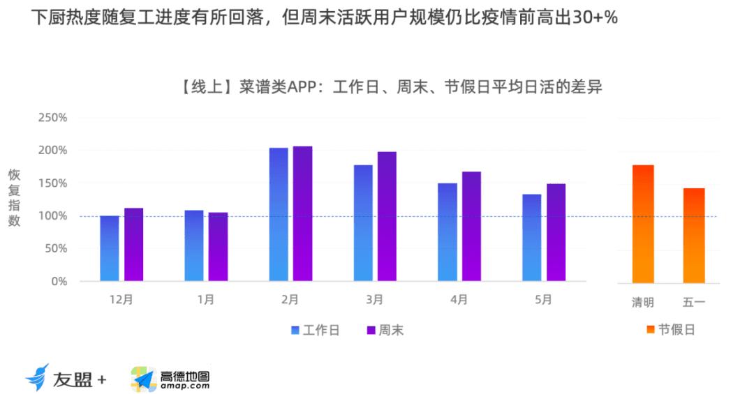 宅在家中被迫下厨,厨房成了人们的新乐园,即使现已复工,菜谱类App仍有较高留存,开火做饭成为了认真生活的表现之一。“你饿不饿,我煮碗面给你吃”取代了一部分“突然好想吃鸡翅,不如我们点个外卖吧”的饮食习惯。
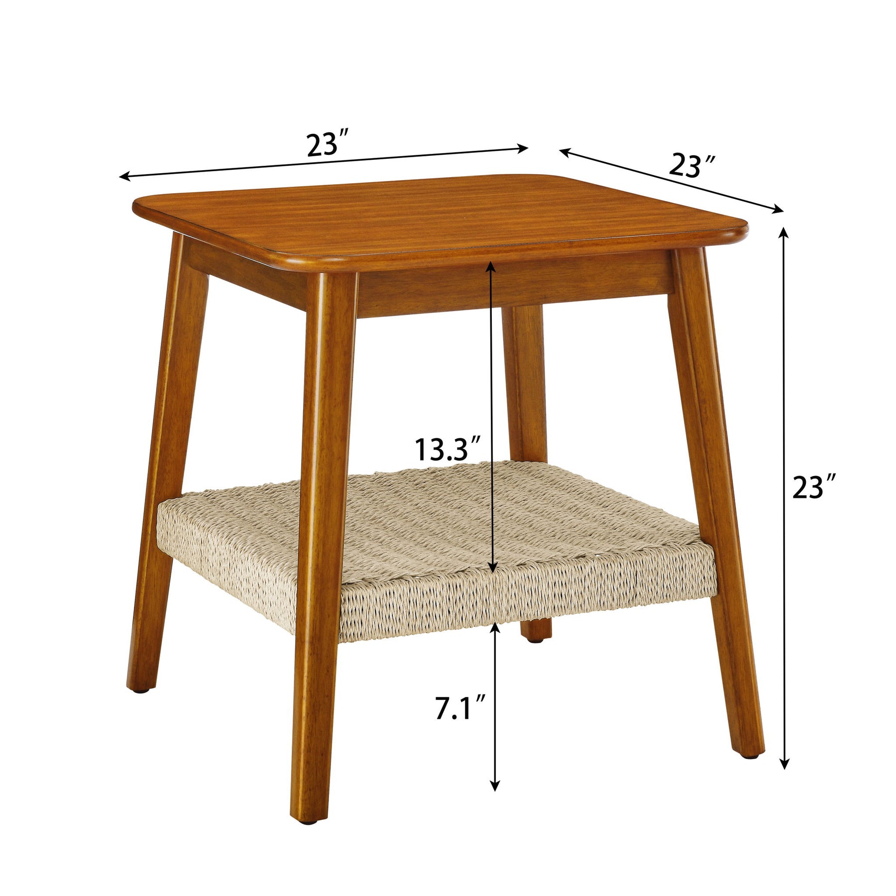 Mid - Century Square Side Table With Woven Shelf - Walnut
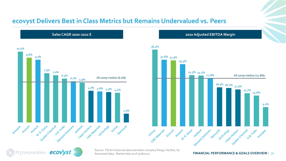ecovyst Delivers Best in Class Metrics but Remains Undervalued vs. Peers 2020 Cash Conversion & Current Net Debt/Adjusted EBITDA 2022 E EV/Adjusted EBITDA 93.2% 91.9% 16.2x 15.6x 15.4x 85.5% 14.9x 76.4% 75.9% All comp median (72.7%) 75.4% 72.7% All comp median (12.1x) 72.1% 12.4x 70.0% 12.2x 68.5% 12.0x 66.3% 66.1% 62.5% 11.0x 10.8x 10.8x 10.2x 9.9x 9.8x Source: PQ for historical data and select company filings, FactSet, for FINANCIAL PERFORMANCE & GOALS OVERVIEW / 72 forecasted data. Market data as of 3/26/2021 2.9x 3.2x 3.6x 4.1x 3.5x 3.0x NM 3.8x 1.8x NM 4.2x 1.9x 4.7x Element Solutions Quaker Chemical Atotech H.B. Fuller Stericycle Ashland Innospec Ecovyst CMC Materials Victrex US Ecology Clean Harbors W. R. Grace Quaker Chemical CMC Materials Victrex Stericycle Atotech Element Solutions Innospec Ashland Ecovyst W. R. Grace H.B. Fuller US Ecology Clean Harborsecovyst Delivers Best in Class Metrics but Remains Undervalued vs. Peers 2020 Cash Conversion & Current Net Debt/Adjusted EBITDA 2022 E EV/Adjusted EBITDA 93.2% 91.9% 16.2x 15.6x 15.4x 85.5% 14.9x 76.4% 75.9% All comp median (72.7%) 75.4% 72.7% All comp median (12.1x) 72.1% 12.4x 70.0% 12.2x 68.5% 12.0x 66.3% 66.1% 62.5% 11.0x 10.8x 10.8x 10.2x 9.9x 9.8x Source: PQ for historical data and select company filings, FactSet, for FINANCIAL PERFORMANCE & GOALS OVERVIEW / 72 forecasted data. Market data as of 3/26/2021 2.9x 3.2x 3.6x 4.1x 3.5x 3.0x NM 3.8x 1.8x NM 4.2x 1.9x 4.7x Element Solutions Quaker Chemical Atotech H.B. Fuller Stericycle Ashland Innospec Ecovyst CMC Materials Victrex US Ecology Clean Harbors W. R. Grace Quaker Chemical CMC Materials Victrex Stericycle Atotech Element Solutions Innospec Ashland Ecovyst W. R. Grace H.B. Fuller US Ecology Clean Harbors

◆ **INSTRUCTIONS TO FOLLOW**
Please repeat all of the data exactly as it stands, leaving the pictures out.

◆ **TASK ANSWER**
 宅在家中被迫下厨,厨房成了人们的新乐园,即使现已复工,菜谱类App仍有较高留存,开火做饭成为了认真生活的表现之一。“你饿不饿,我煮碗面给你吃”取代了一部分“突然好想吃鸡翅,不如我们点个外卖吧”的饮食习惯。
 Mid - Century Square Side Table With Woven Shelf - Walnut
ecovyst Delivers Best in Class Metrics but Remains Undervalued vs. Peers 2020 Cash Conversion & Current Net Debt/Adjusted EBITDA 2022 E EV/Adjusted EBITDA 93.2% 91.9% 16.2x 15.6x 15.4x 85.5% 14.9x 76.4% 75.9% All comp median (72.7%) 75.4% 72.7% All comp median (12.1x) 72.1% 12.4x 70.0% 12.2x 68.5% 12.0x 66.3% 66.1% 62.5% 11.0x 10.8x 10.8x 10.2x 9.9x 9.8x Source: PQ for historical data and select company filings, FactSet, for FINANCIAL PERFORMANCE & GOALS OVERVIEW / 72 forecasted data. Market data as of 3/26/2021 2.9x 3.2x 3.6x 4.1x 3.5x 3.0x NM 3.8x 1.8x NM 4.2x 1.9x 4.7x Element Solutions Quaker Chemical Atotech H.B. Fuller Stericycle Ashland Innospec Ecovyst CMC Materials Victrex US Ecology Clean Harbors W. R. Grace Quaker Chemical CMC Materials Victrex Stericycle Atotech Element Solutions Innospec Ashland Ecovyst W. R. Grace H.B. Fuller US Ecology Clean Harborsecovyst Delivers Best in Class Metrics but Remains Undervalued vs. Peers 2020 Cash Conversion & Current Net Debt/Adjusted EBITDA 2022 E EV/Adjusted EBITDA 93.2% 91.9% 16.2x 15.6x 15.4x 85.5% 14.9x 76.4% 75.9% All comp median (72.7%) 75.4% 72.7% All comp median (12.1x) 72.1% 12.4x 70.0% 12.2x 68.5% 12.0x 66.3% 66.1% 62.5% 11.0x 10.8x 10.8x 10.2x 9.9x 9.8x Source: PQ for historical data and select company filings, FactSet, for FINANCIAL PERFORMANCE & GOALS OVERVIEW / 72 forecasted data. Market data as of 3/26/2021 2.9x 3.2x 3.6x 4.1x 3.5x 3.0x NM 3.8x 1.8x NM 4.2x 1.9x 4.7x Element Solutions Quaker Chemical Atotech H.B. Fuller Stericycle Ashland Innospec Ecovyst CMC Materials Victrex US Ecology Clean Harbors W. R. Grace Quaker Chemical CMC Materials Victrex Stericycle Atotech Element Solutions Innospec Ashland Ecovyst W. R. Grace H.B. Fuller US Ecology Clean Harbors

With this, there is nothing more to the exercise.